What is required >>
Reproduce only this stretch of the listing below: from the line with "Loss function and" through the line with "полиольный компонент |", exactly as written, with pictures excluded.

Source information >>

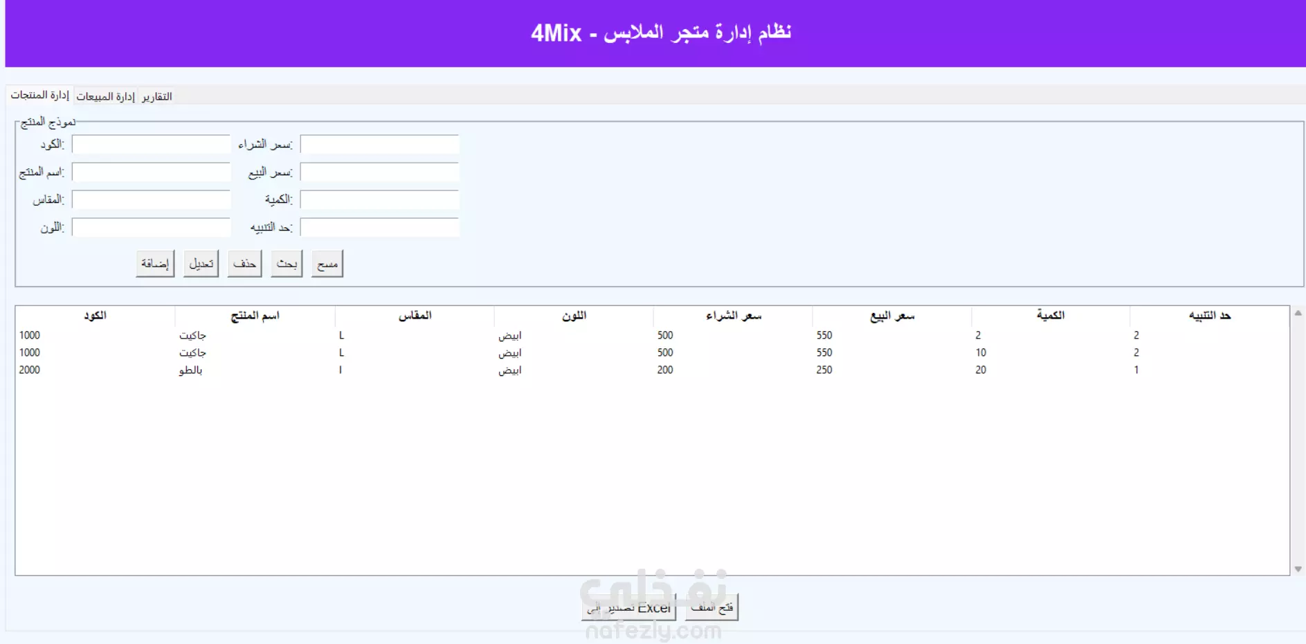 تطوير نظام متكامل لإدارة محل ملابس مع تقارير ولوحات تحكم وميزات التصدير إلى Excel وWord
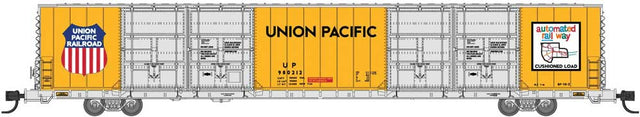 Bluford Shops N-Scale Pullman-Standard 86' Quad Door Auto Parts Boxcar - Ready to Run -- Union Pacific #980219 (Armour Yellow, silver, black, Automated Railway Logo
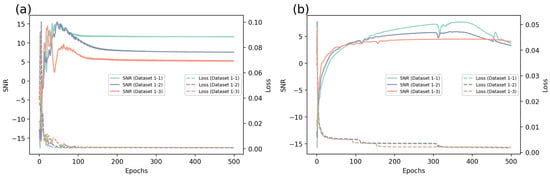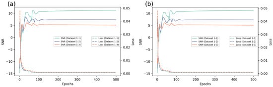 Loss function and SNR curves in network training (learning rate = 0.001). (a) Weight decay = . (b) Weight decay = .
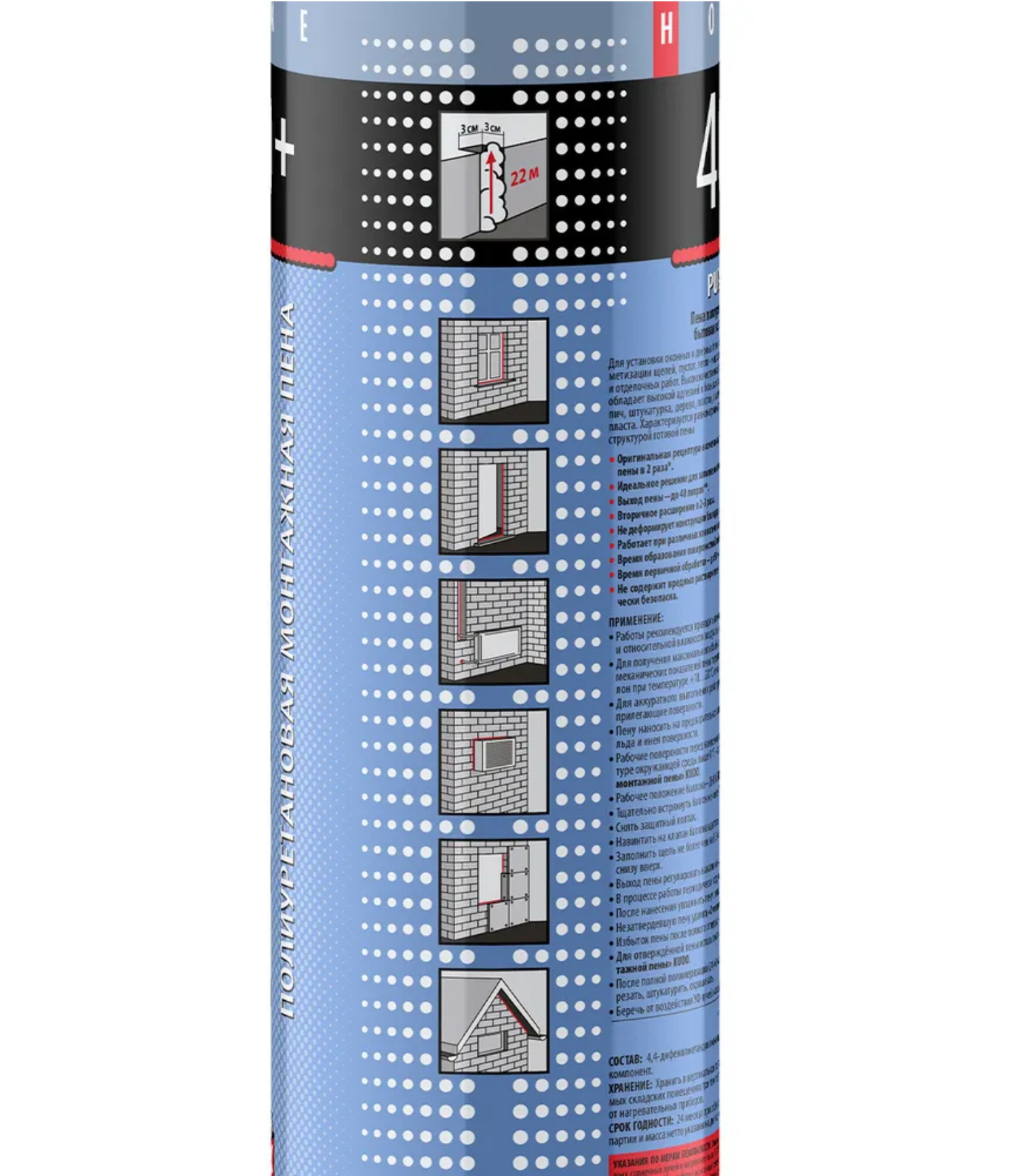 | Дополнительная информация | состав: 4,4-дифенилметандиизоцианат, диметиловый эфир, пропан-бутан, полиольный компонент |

---

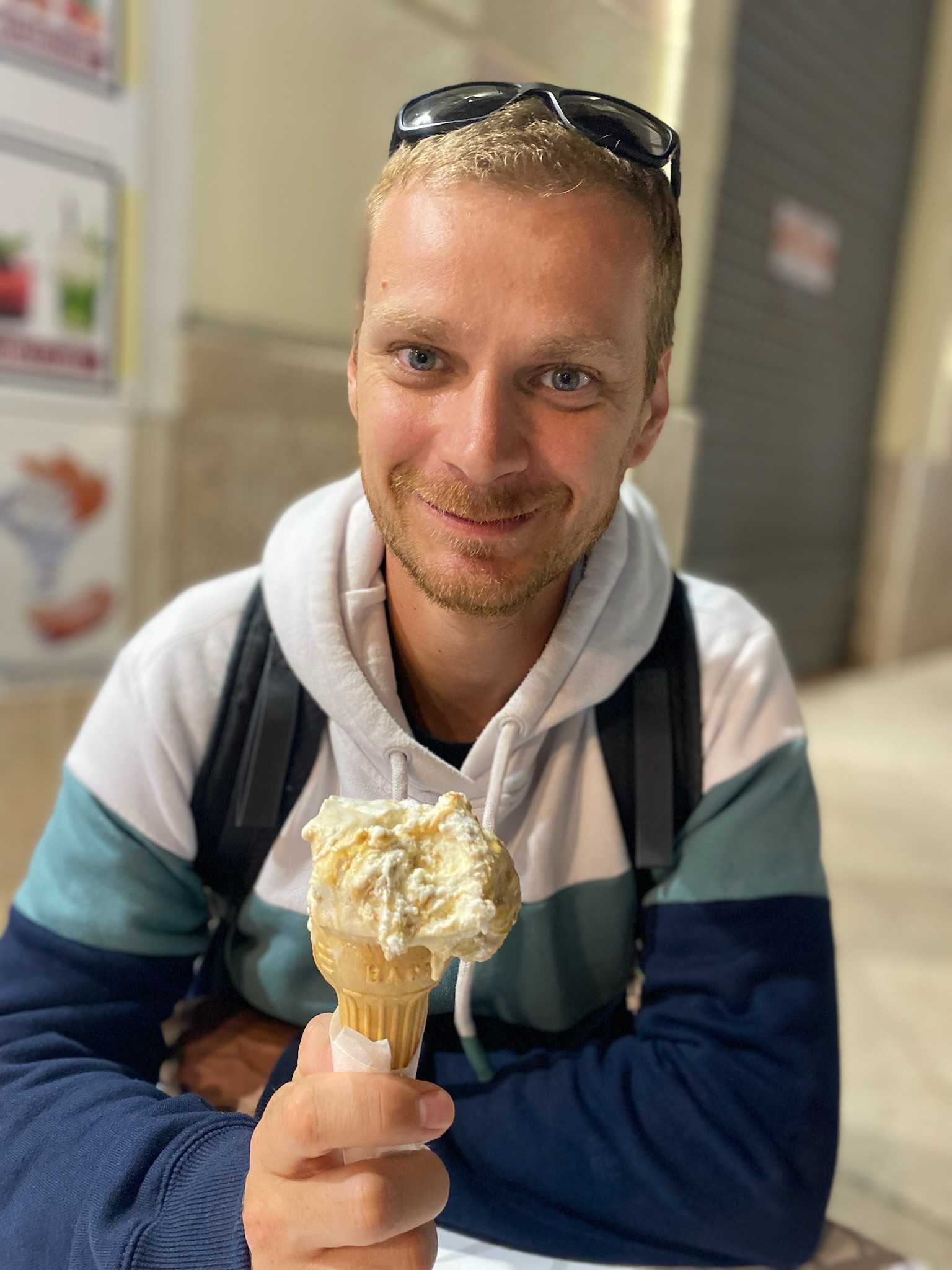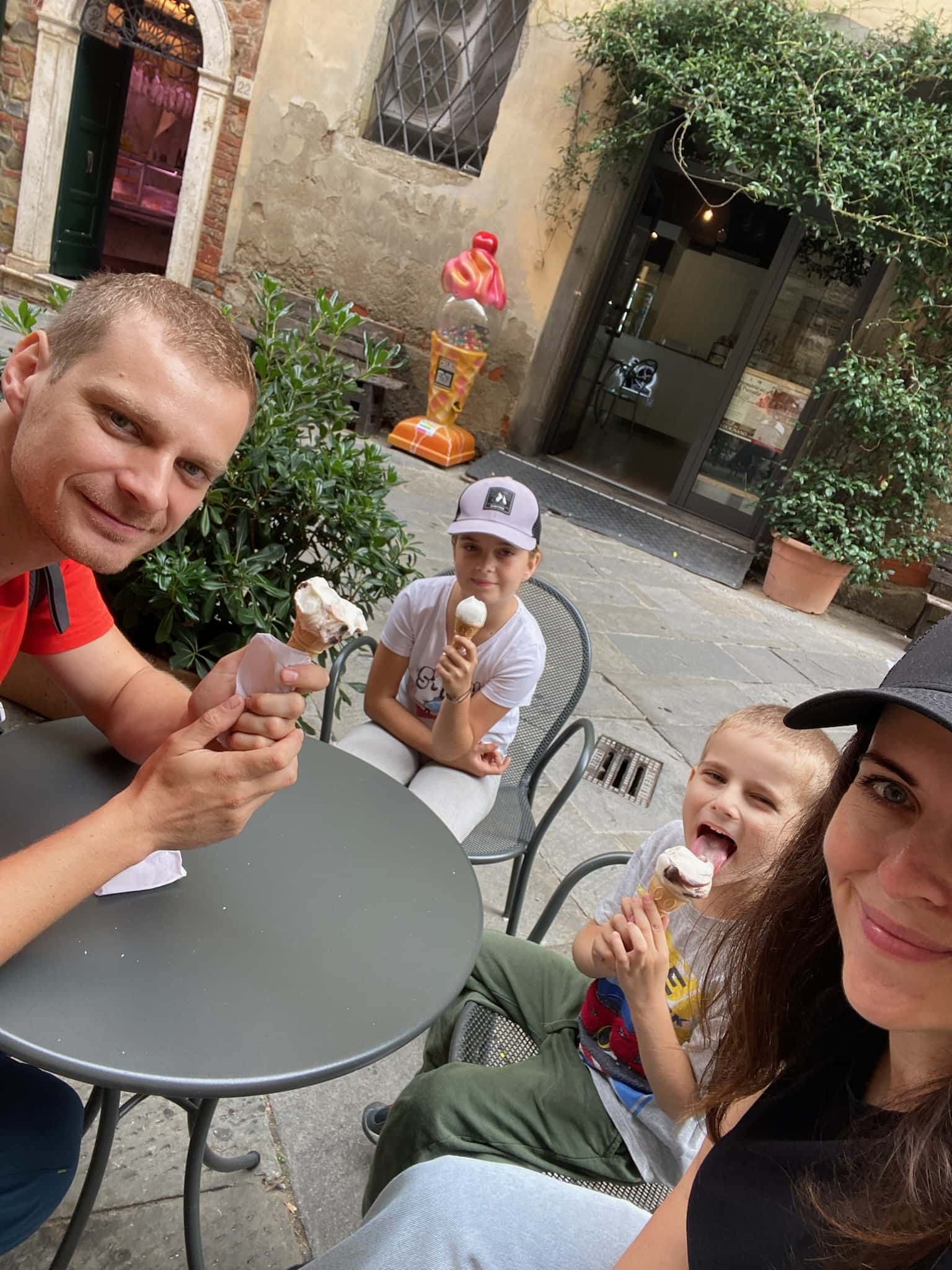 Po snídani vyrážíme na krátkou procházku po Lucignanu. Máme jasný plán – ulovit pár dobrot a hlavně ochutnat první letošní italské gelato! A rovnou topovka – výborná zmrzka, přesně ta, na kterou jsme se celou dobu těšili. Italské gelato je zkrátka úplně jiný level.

---

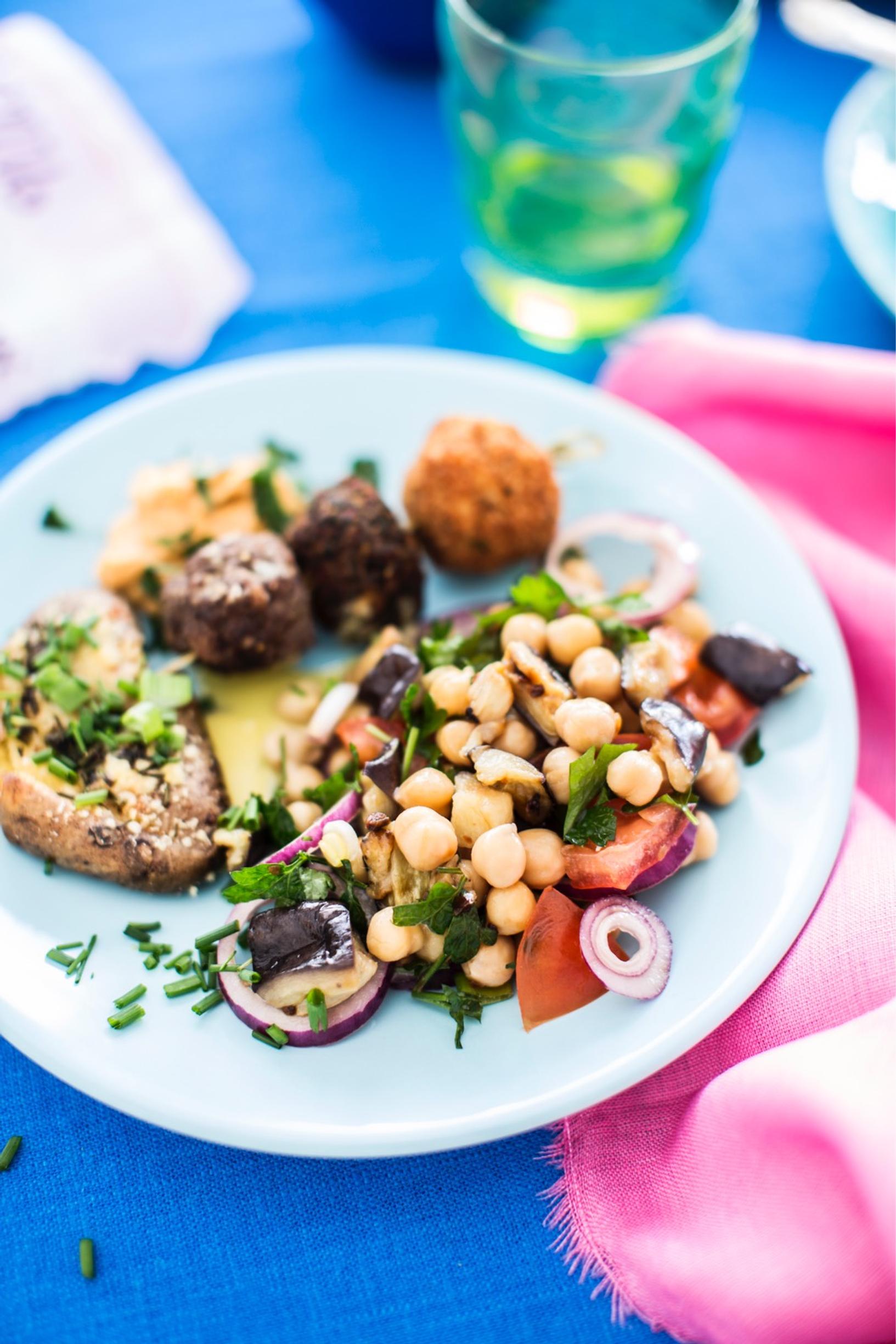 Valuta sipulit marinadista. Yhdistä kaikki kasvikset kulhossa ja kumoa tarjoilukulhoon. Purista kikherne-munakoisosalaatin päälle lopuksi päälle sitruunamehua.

Written solution >>
 Loss function and SNR curves in network training (learning rate = 0.001). (a) Weight decay = . (b) Weight decay = .
 | Дополнительная информация | состав: 4,4-дифенилметандиизоцианат, диметиловый эфир, пропан-бутан, полиольный компонент |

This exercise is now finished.